In 1498 the work of exploration begun by Diaz was completed by another famous navigator, Vasco da Gama. National hopes of wealth and glory were centred in his task, and when he and his company marched forth to their ships a large crowd went with them to the shore, carrying candles, and singing a solemn litany. Then the sails of his four vessels dipped below the horizon and were not seen for two years and eight months, but when at last men and women had begun to despair at the great silence, their hero reappeared amongst them, bringing news more wonderful and glorious than anything that Portugal had dared to hope.
There is little space to tell in this chapter the adventures that Vasco da Gama related to the King and his court. He and his crews, it seemed, had sailed for weeks amid ‘a lonely dreary waste of seas and boundless sky’: they had skirmished with Hottentots and ‘doubled the Cape’, caught in such a whirl of breakers and stormy winds that the walls of the wooden ships had oozed water, and despair and sickness had seized upon all. Vasco da Gama, even when ill and depressed, was not to be turned from his purpose. Eastwards and northwards he set his sails, in the teeth of laments and threats from his sailors, and so on Christmas Day landed on a part of the coast to which in memory of the most famous Dies Natalis he gave the name of Natal.
From Natal, battling the dread disease of scurvy brought on by a prolonged diet of salt meat, the Portuguese commander pursued his way, attacked, as often as he landed for water and fresh food, by fierce Mahometan tribes, until at last, guided by an Arabian pilot whom he had picked up, he came to the harbours of Calicut in India, where was a Christian king.
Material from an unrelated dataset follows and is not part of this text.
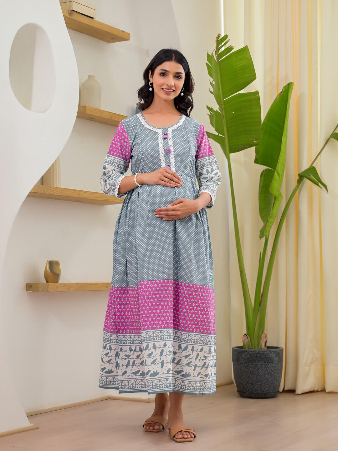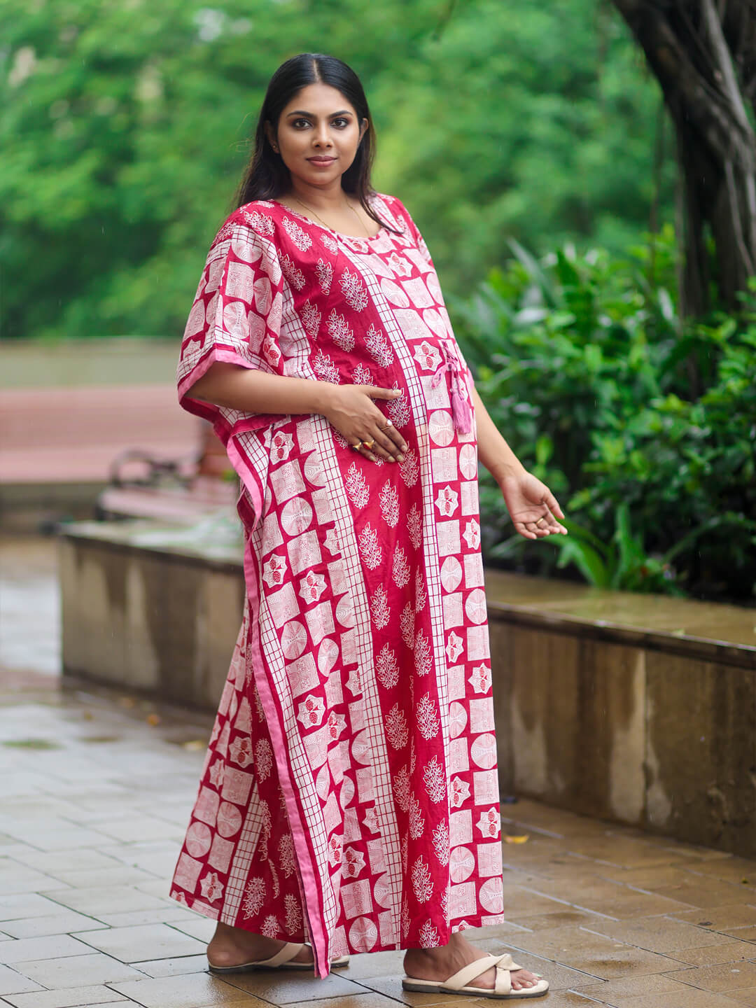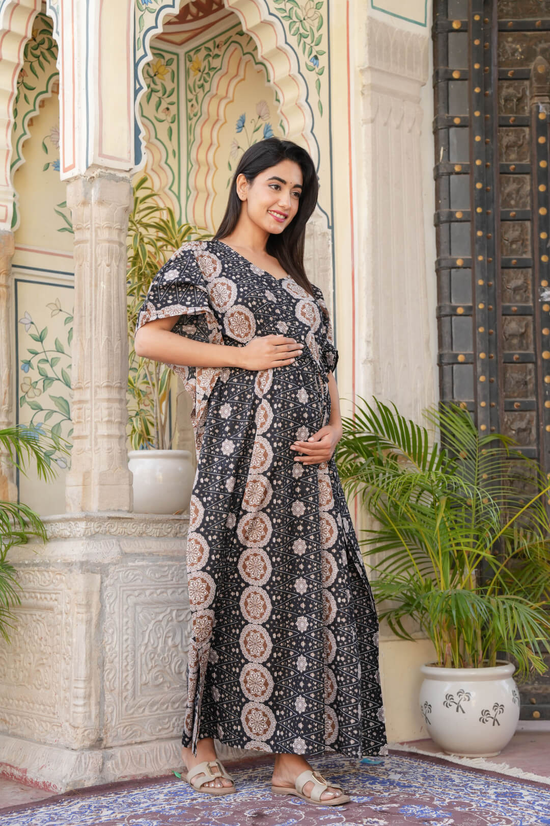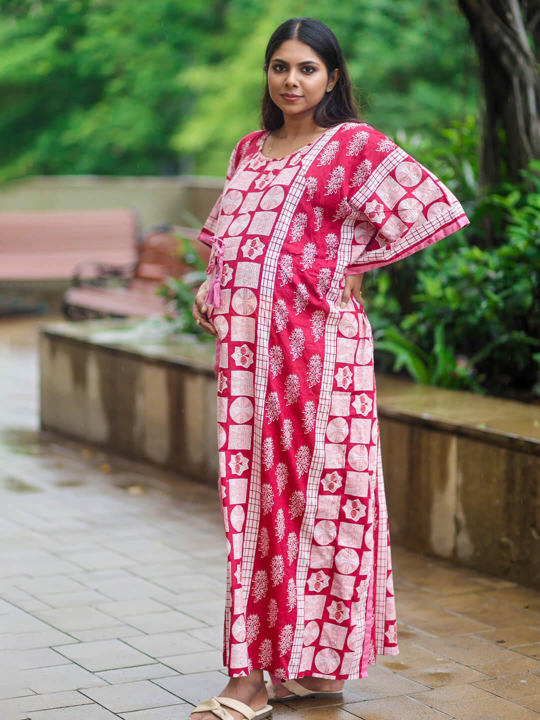 Maroon Printed Front Zipper Maternity Feeding Kaftan

The new route to Asia had been discovered. ‘A lucky venture—plenty of emeralds.... You owe great thanks to God for having brought you to a country holding such riches,’ declared the natives, and loud was the rejoicing of the Portuguese at this glorious national prospect.
The likely effects of Vasco da Gama’s voyage did not pass unnoticed elsewhere in Europe. ‘Soon,’ exclaimed a Venetian merchant in deep gloom, ‘it will be cheaper to buy goods in Lisbon than in Venice.’ The death-knell of the great Republic’s commercial prosperity sounded in these words.
Christopher Columbus
In the meanwhile, some years before Vasco da Gama’s triumphant achievement, a still greater discovery was made that was destined in the course of time to change the whole commercial aspect of the world. Its author was a Genoese sailor, Christopher Columbus, who, tradition says, once sailed as far north as Iceland, and in the south to the island of Porto Santo. Always in his spare time he could be found bent over maps and charts, calculating, weaving around his reasoned mathematical arguments the tales of shipwrecked mariners, until at last he brought to the ears of his astonished fellow men and women a scheme for finding Cathay, neither by sailing south nor east, but due west across the Atlantic.
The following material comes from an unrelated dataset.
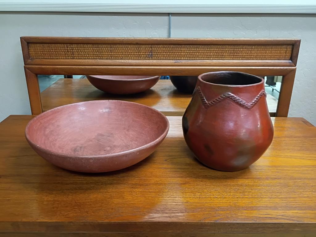 Rose Williams Navajo drum jar & Dine / Navajo red glaze bowl. 8" tall, 14" diameter.

Here is a fourteenth-century description of the Atlantic, a dismal picture still popularly accepted in the fifteenth: ‘A vast and boundless ocean on which ships dared not venture out of sight of land. For even if sailors knew the directions of the winds they would not know whither those winds would carry them; and, as there is no inhabited country beyond, they would run great risks of being lost in the mist and vapour. The limit of the west is the Atlantic Ocean.’
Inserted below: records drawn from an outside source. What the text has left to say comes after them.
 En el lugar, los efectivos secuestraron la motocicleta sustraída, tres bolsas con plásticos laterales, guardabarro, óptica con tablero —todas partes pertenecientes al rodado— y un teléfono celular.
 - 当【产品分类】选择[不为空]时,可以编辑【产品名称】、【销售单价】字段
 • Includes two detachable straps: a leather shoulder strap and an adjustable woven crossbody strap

Many people still believed that the world was flat, and that to sail across the Atlantic was to incur the risk of being driven by the winds over the edge into space. Thus Columbus met with either reproof for contemplating such risks, or ridicule for his folly, but so convinced was he of his own wisdom that he only grew the more enthusiastic as a result of opposition.
Without money or royal patronage he could not hope to make the voyage a success, and so he laid his scheme before the King of Portugal, usually a willing patron of adventure. Unfortunately for Columbus, the discoveries along the African coast promised such wealth and trade to Portugal that her ruler did not feel inclined to take risks in other directions that, while they must involve expense, as yet held no guarantee of repayment.
‘I went to take refuge in Portugal,’ wrote Columbus at a later date, ‘since the King of that country was more versed in discovery than any other, but ... in fourteen years I could not make him understand what I said.’ Driven at last from Portugal by a decided refusal, Christopher went to Spain, sending his brother Bartholomew with a letter explaining his project to King Henry VII of England. It is interesting to note that the keen-witted Tudor, as soon as the scheme was laid before him, is said to have expressed his readiness to learn more and to lend his support; but Bartholomew had been shipwrecked on his voyage northwards, and owing to this delay Columbus had already received the patronage of Spain and set out on his voyage before his brother returned with the news.